*WHAT TO PRODUCE*:
Keep the text of the data exactly as it is and omit each picture from the copy.
--- SOURCE DATA ---
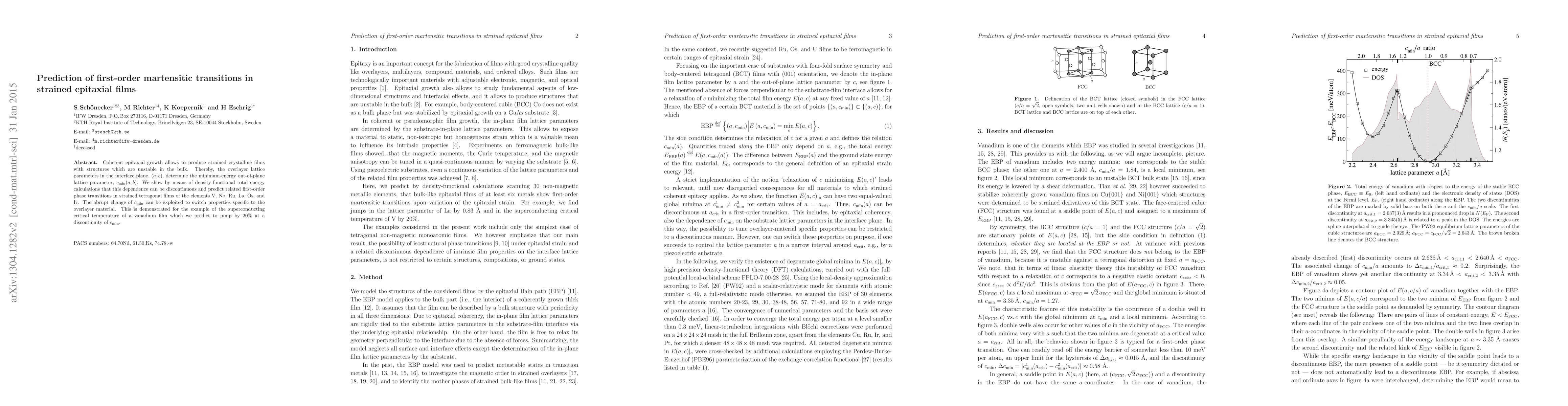 This paper investigates the prediction of first-order martensitic transitions in strained epitaxial films, demonstrating that discontinuities in lattice parameters can lead to abrupt changes in intrinsic properties, such as the superconducting critical temperature of a V film, which jumps by 20% at a specific $c_{\text{min}}$ discontinuity.
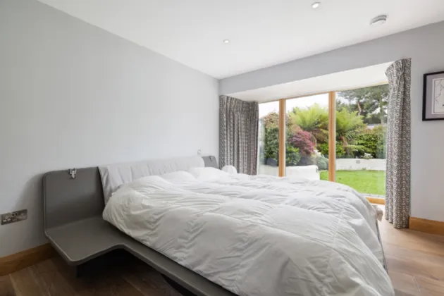 Bedroom 1 5.05m x 2.90m Impressive master bedroom featuring floor to ceiling windows allowing for plenty of natural light, spotlights and engineered wood flooring.
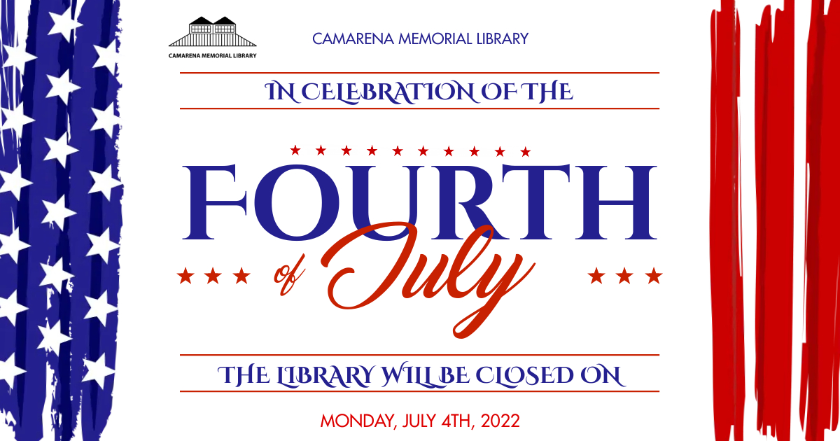Camarena Memorial Library 850 Encinas Ave. Calexico, CA 92231 United States (760) 768-2170 Fax (760) 357-0404 Monday, July 4, 2022 12:00 am to Monday, July 4, 2022 11:59 pm United States Audience Adults Kids Teens
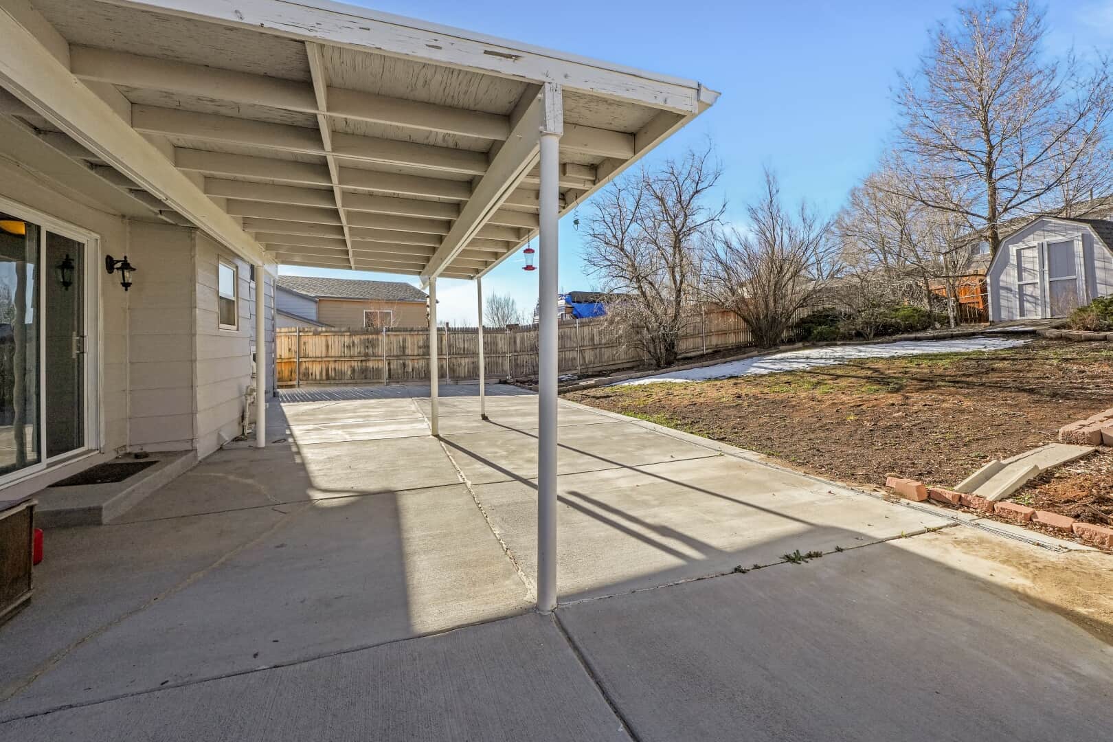 Welcome to this charming 3-bedroom, 2-bath home offering 1,290 square feet of comfortable living space in a quiet, established neighborhood.The home features updated siding and energy-efficient windows, creating inviting curb appeal along with a spacious driveway for convenient parking. Inside, the home blends modern updates with a warm, comfortable feel. A mix of luxury vinyl flooring and plush carpet runs throughout the bright, functional layout. The living area flows naturally into the dining space, creating an ideal setting for everyday living or hosted gatherings. The kitchen is a true highlight, featuring striking Brazilian Blue Flower granite countertops, stainless steel appliances, and ample cabinetry. The deep blue tones and natural patterns of the granite create a unique focal point, while abundant natural light fills the space and enhances the home’s clean, modern design. Step outside to a fully fenced backyard designed for both relaxation and play. Perfect for pets, children, or enjoying quiet summer evenings. Mature trees surround the yard, creating a natural sense of privacy and a peaceful outdoor retreat. Conveniently located near Fort Carson, residents will also enjoy close proximity to shopping, dining, and retail centers throughout Colorado Springs. Clean, updated, and move-in ready, this home offers the perfect blend of comfort, style, and location. Schedule your showing today!
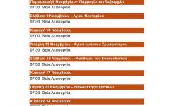 Πέμπτη 21 Νοεμβρίου, ώρα 07:00, Όρθρος - Πανηγυρική Θεία Λειτουργία, επί τη εορτή Εισοδίων Θεοτόκου. 18:00 Μεθέορτος Εσπερινός - Ιερά Παράκλησις. Ώρα 20:00, Ιερά αγρυπνία επί τιμή και μνήμη του Οσίου Ιακώβου του Τσαλίκη.
---
*ANSWER AREA*:
 This paper investigates the prediction of first-order martensitic transitions in strained epitaxial films, demonstrating that discontinuities in lattice parameters can lead to abrupt changes in intrinsic properties, such as the superconducting critical temperature of a V film, which jumps by 20% at a specific $c_{\text{min}}$ discontinuity.
 Bedroom 1 5.05m x 2.90m Impressive master bedroom featuring floor to ceiling windows allowing for plenty of natural light, spotlights and engineered wood flooring.
Camarena Memorial Library 850 Encinas Ave. Calexico, CA 92231 United States (760) 768-2170 Fax (760) 357-0404 Monday, July 4, 2022 12:00 am to Monday, July 4, 2022 11:59 pm United States Audience Adults Kids Teens
 Welcome to this charming 3-bedroom, 2-bath home offering 1,290 square feet of comfortable living space in a quiet, established neighborhood.The home features updated siding and energy-efficient windows, creating inviting curb appeal along with a spacious driveway for convenient parking. Inside, the home blends modern updates with a warm, comfortable feel. A mix of luxury vinyl flooring and plush carpet runs throughout the bright, functional layout. The living area flows naturally into the dining space, creating an ideal setting for everyday living or hosted gatherings. The kitchen is a true highlight, featuring striking Brazilian Blue Flower granite countertops, stainless steel appliances, and ample cabinetry. The deep blue tones and natural patterns of the granite create a unique focal point, while abundant natural light fills the space and enhances the home’s clean, modern design. Step outside to a fully fenced backyard designed for both relaxation and play. Perfect for pets, children, or enjoying quiet summer evenings. Mature trees surround the yard, creating a natural sense of privacy and a peaceful outdoor retreat. Conveniently located near Fort Carson, residents will also enjoy close proximity to shopping, dining, and retail centers throughout Colorado Springs. Clean, updated, and move-in ready, this home offers the perfect blend of comfort, style, and location. Schedule your showing today!
 Πέμπτη 21 Νοεμβρίου, ώρα 07:00, Όρθρος - Πανηγυρική Θεία Λειτουργία, επί τη εορτή Εισοδίων Θεοτόκου. 18:00 Μεθέορτος Εσπερινός - Ιερά Παράκλησις. Ώρα 20:00, Ιερά αγρυπνία επί τιμή και μνήμη του Οσίου Ιακώβου του Τσαλίκη.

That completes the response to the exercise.